### Brief
In the records below, reproduce exactly the lines from the one containing "Years ago I" through the one containing "وهناك أيضًا نماذج", both included, and omit the pictures.

※

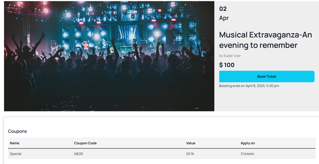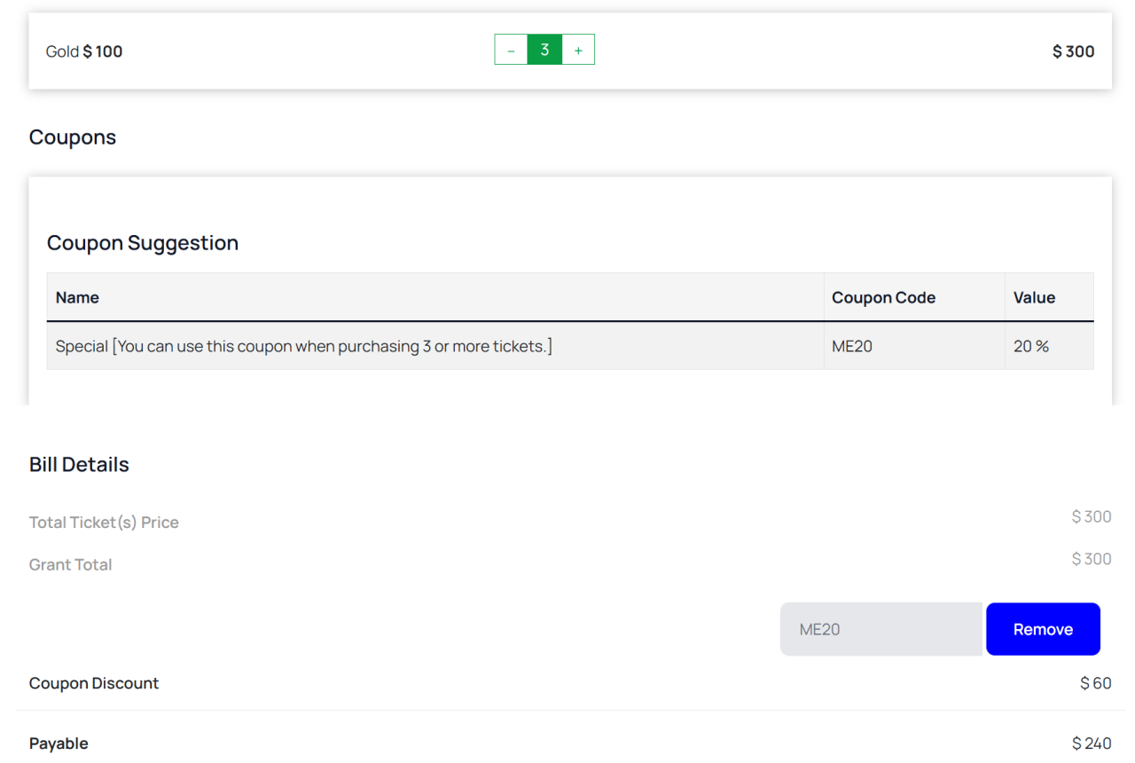 This feature is also independent of ticket types, meaning that the discount applies to the total number of tickets purchased.
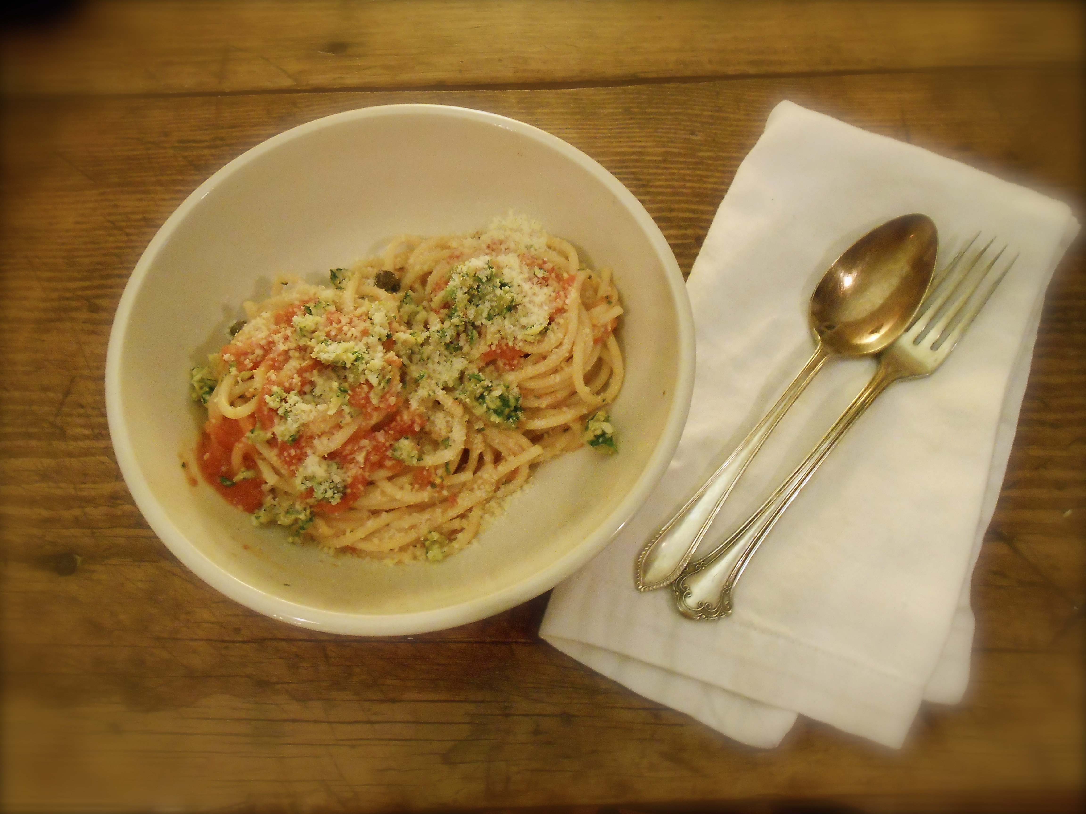 Years ago I had a friend from Vicenza Italy who cooked remarkable spaghetti dinners. Every Sunday for years I was lucky enough to sit at his table. He prepared sauces using unimaginable ingredients. Always surprising. Always delicious. However, as an aspiring cook it was very frustrating for me. He would never allow me to directly observe his cooking! He was very secretive. I would sneak as many peeks as I could. There was always “something missing” when I tried to put together my own sauces at home. I learned to develop my own versions of his creations. Here’s one I love. Spaghetti Puttanesca “the kitchen sink sauce”. Only the tomato sauce is cooked. I think it adds more flavor by keeping the “kitchen sink” uncooked.
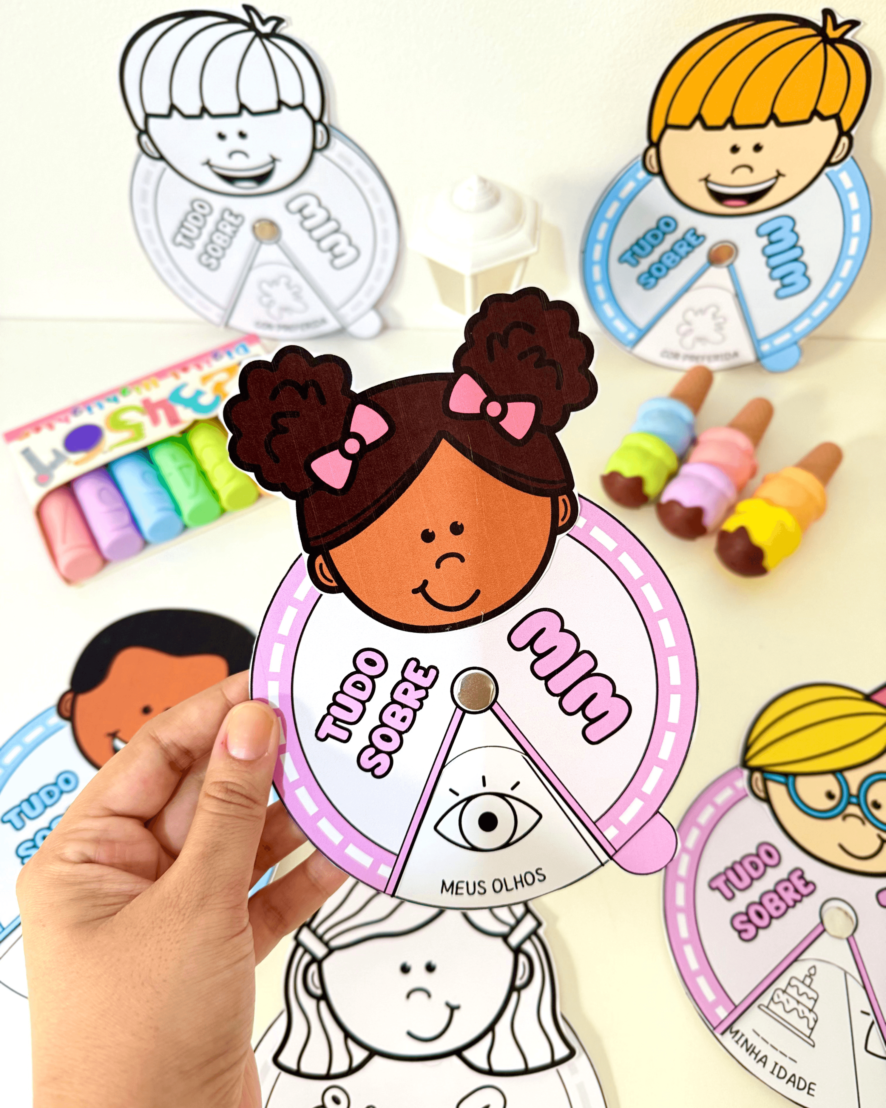Roleta Tudo sobre mim para trabalhar identidade e respeito às diferenças. O material vai na opções colorido e para colorir, com diferentes modelos de crianças para tornar a proposta ainda mais significativa
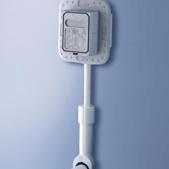 وهناك أيضًا نماذج مرفقة قد تشير إلى نوع الأرضية. ما يميزهم هو طريقة تركيب Drukspühler: يجب أن يكون مسورًا حرفيًا في مكانه. أو ، كخيار ، قم بإصلاحه على الحائط وخياطة هذا المكان باستخدام دريوال.
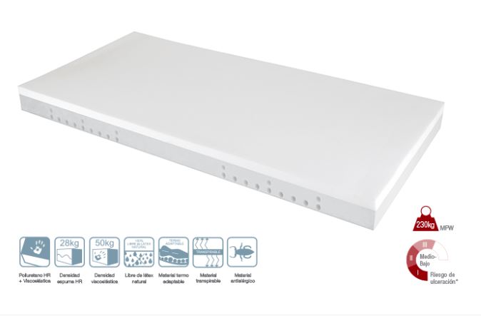 • Capa superficial de espuma viscoelástica termofoam, de alta densidad, 50 kg/m3; con 5 cm de grosor.
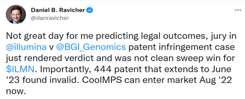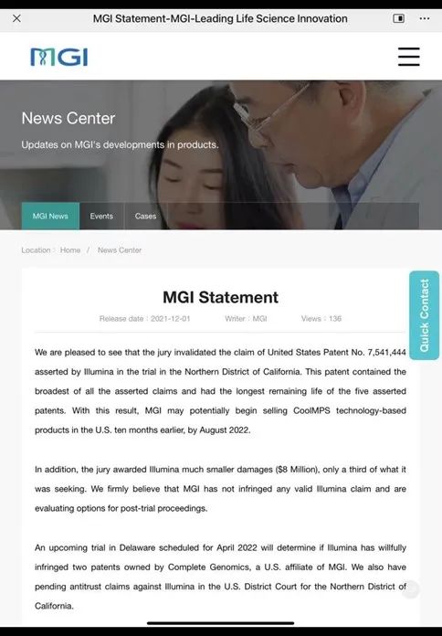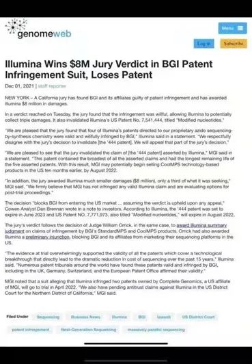 12月1日,据外媒报道,时隔两年多后,全球基因测序行业巨头Illumina在美诉讼华大智造及其他涉案实体专利侵权诉讼案终于有了初步结果,美国加州北部地区法院陪审团裁定: Illumina美国专利号7,541,444专利被裁定无效; 华大智造侵犯了Illumina的部分专利; Illumina获得800万美元的赔偿金,比其索赔金额少了2/3。 来自美国媒体“genomeweb”的报道称,虽然陪审团裁定Illumina可以获得800万美元的赔偿金,但这家全球基因测序巨头却在美国输掉了专利,因为华大智造最快可以在明年8月在美国合法地销售相关测序产品。 华大智造在一封英文版声明中表示,“很高兴看到美国加州北部地区法院陪审团裁定Illumina美国专利号7,541,444专利无效。在5项涉案专利中,该专利所包含的权利范围最广,有效期限也是最长的。若判决生效,将意味着华大智造有可能将比预期时间提前10个月,即2022年8月23日后,在美国正式销售基于CoolMPS测序技术的相关产品。” 据了解,此案始于2019 年 6 月 27 日,Illumina向美国加州法院发起对华大智造及其他涉案实体专利侵权的诉讼,指控其StandardMPS测序方法侵犯了其美国专利号7,566,537和9,410,200。2020年初,Illumina再次提起诉讼,指控华大智造推出的CoolMPS测序技术侵犯了其美国专利号7,541,444和7,771,973,两项专利均名为“修饰核苷酸”,其美国专利号为“标记核苷酸”。 针对陪审团裁定给Illumina 800万美元的损害赔偿金,华大智造在声明中指出,一方面这仅为Illumina原来索赔金额的三分之一,已经大幅下降;另一方面,其坚信没有侵犯任何来自Illumina的有效专利,“正在评估如何在后续审判中维护自身的权益。” 对此有业内人士分析到,“从目前陪审团的裁定结果来看,对华大智造已是相当不错,不仅赔偿金额比预期缩水不少,而且其中关键的一条涉案专利被判定无效,若美国法院最终接受陪审团的意见,华大智造在美国市场能销售基因测序仪产品只是时间问题。” 值得一提的是,除了本案之外,华大智造在声明中强调,其诉讼Illumina涉嫌故意侵犯了华大智造美国子公司Complete Genomics的两项专利的诉讼案,计划于2022年4月在美国特拉华州举行庭审。 此外,华大智造此前还在加州北部地区法院对Illumina提出了反垄断诉讼,该诉讼仍在进行中。 |
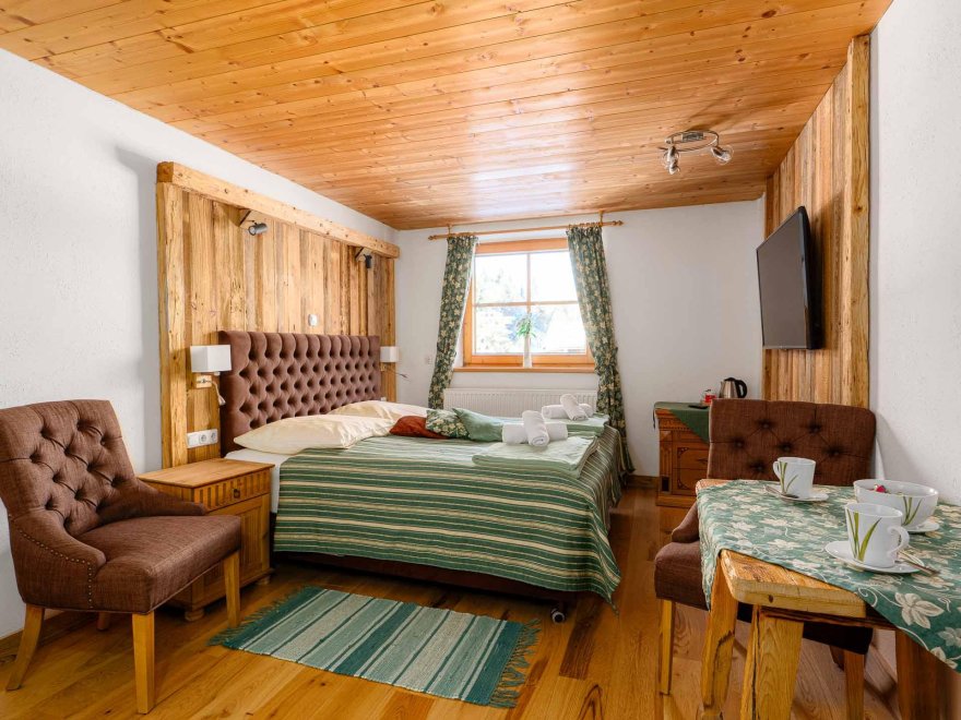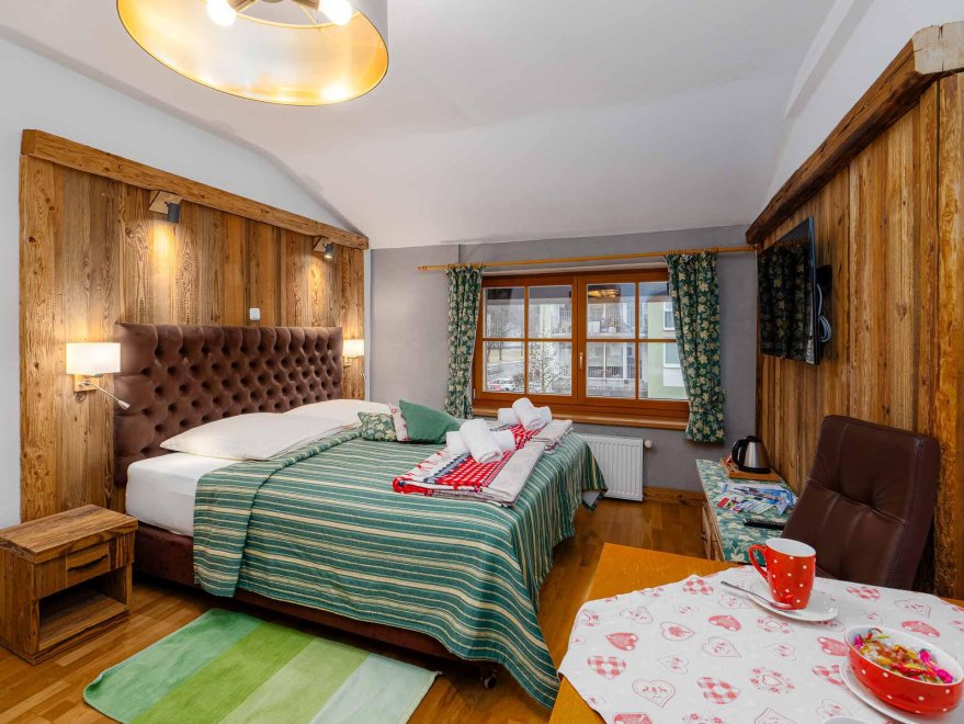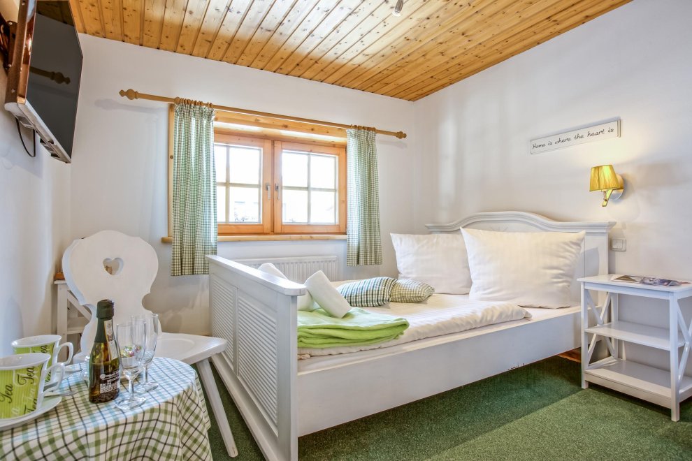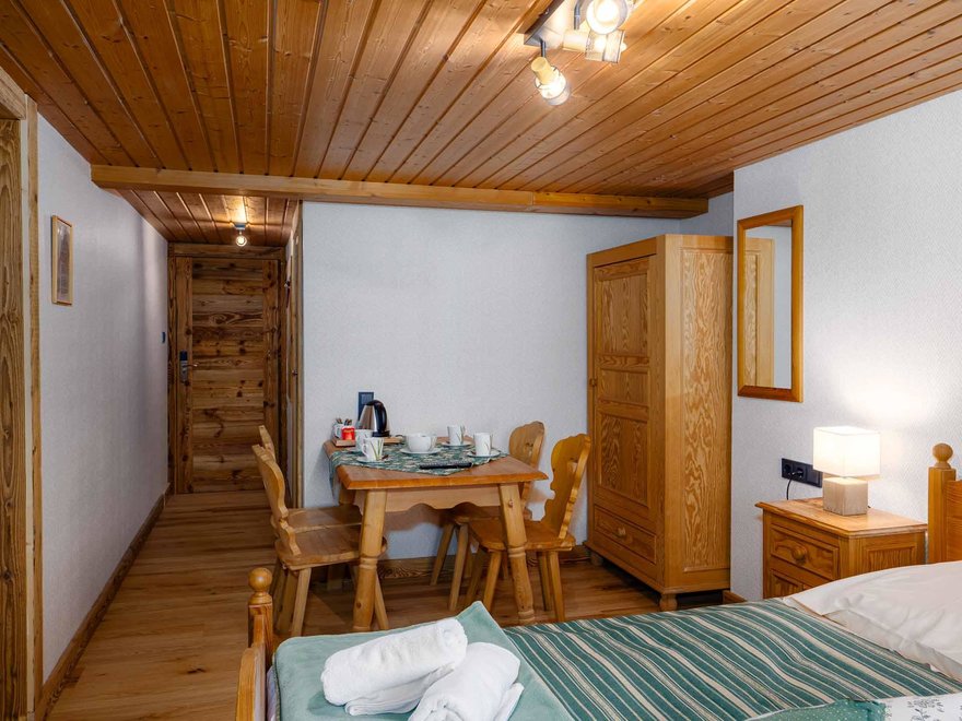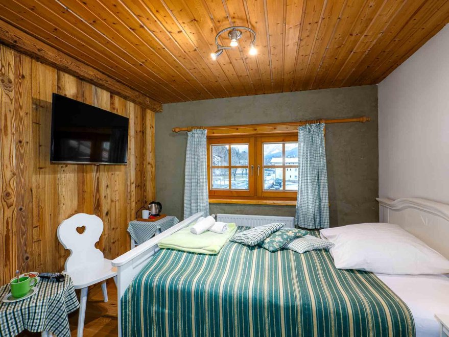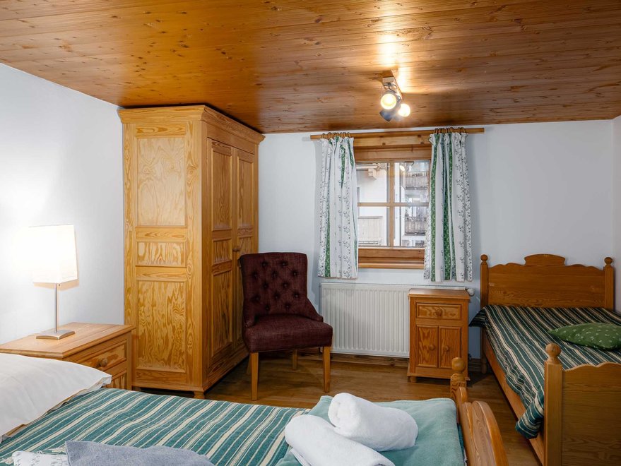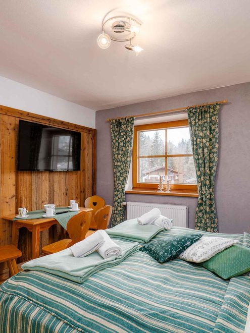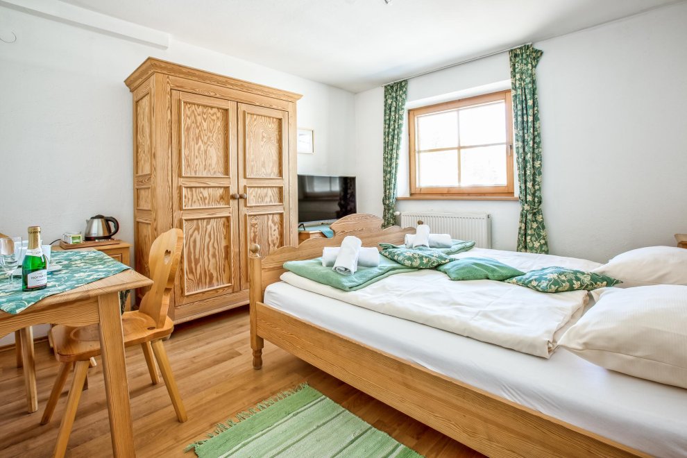 Zimmer mit Doppelbett, Zusatzbett, Tisch und Stühle, Dusche/Wc, Kabel-TV, Internetanschluss (W-LAN).
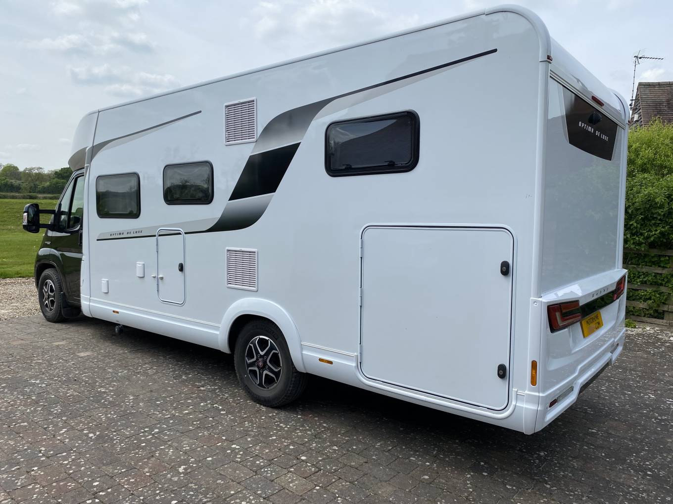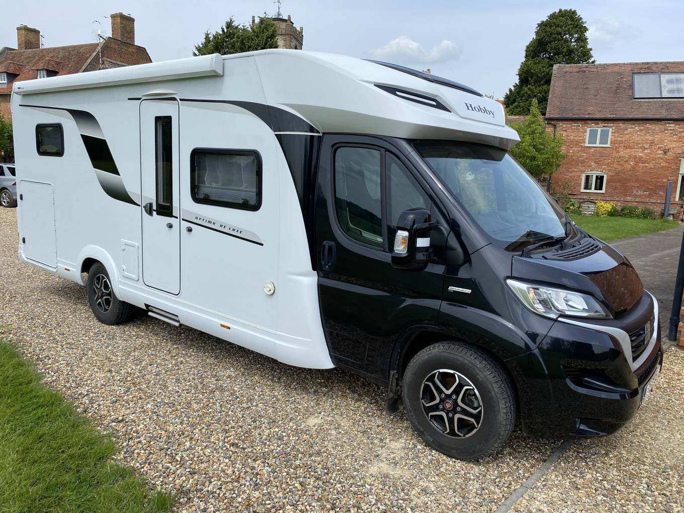 LOCATED IN WARWICKSHIRE, is this highly impressive, Scandinavian designed, German built, range topping HOBBY OPTIMA DE LUXE 75HGE motorhome, first registered in March 2023, it is a 4 berth with 4 belts, low profile motorhome, with the much sort after rear fixed single beds, over a large rear garage and with the benefit of an electric drop down double bed over the living area layout. Based on the popular Fiat Ducato chassis with a Maxi Multijet3 2.2 140bhp Euro 6 compliant diesel engine, along with the six speed manual gearbox. It has only 6,500 miles on the clock. First MOT not due until 2026. One owner from new, it had a full habitation check completed and was all clear in May 2024.

※

### Answer to the exercise
 Years ago I had a friend from Vicenza Italy who cooked remarkable spaghetti dinners. Every Sunday for years I was lucky enough to sit at his table. He prepared sauces using unimaginable ingredients. Always surprising. Always delicious. However, as an aspiring cook it was very frustrating for me. He would never allow me to directly observe his cooking! He was very secretive. I would sneak as many peeks as I could. There was always “something missing” when I tried to put together my own sauces at home. I learned to develop my own versions of his creations. Here’s one I love. Spaghetti Puttanesca “the kitchen sink sauce”. Only the tomato sauce is cooked. I think it adds more flavor by keeping the “kitchen sink” uncooked.
Roleta Tudo sobre mim para trabalhar identidade e respeito às diferenças. O material vai na opções colorido e para colorir, com diferentes modelos de crianças para tornar a proposta ainda mais significativa
 وهناك أيضًا نماذج مرفقة قد تشير إلى نوع الأرضية. ما يميزهم هو طريقة تركيب Drukspühler: يجب أن يكون مسورًا حرفيًا في مكانه. أو ، كخيار ، قم بإصلاحه على الحائط وخياطة هذا المكان باستخدام دريوال.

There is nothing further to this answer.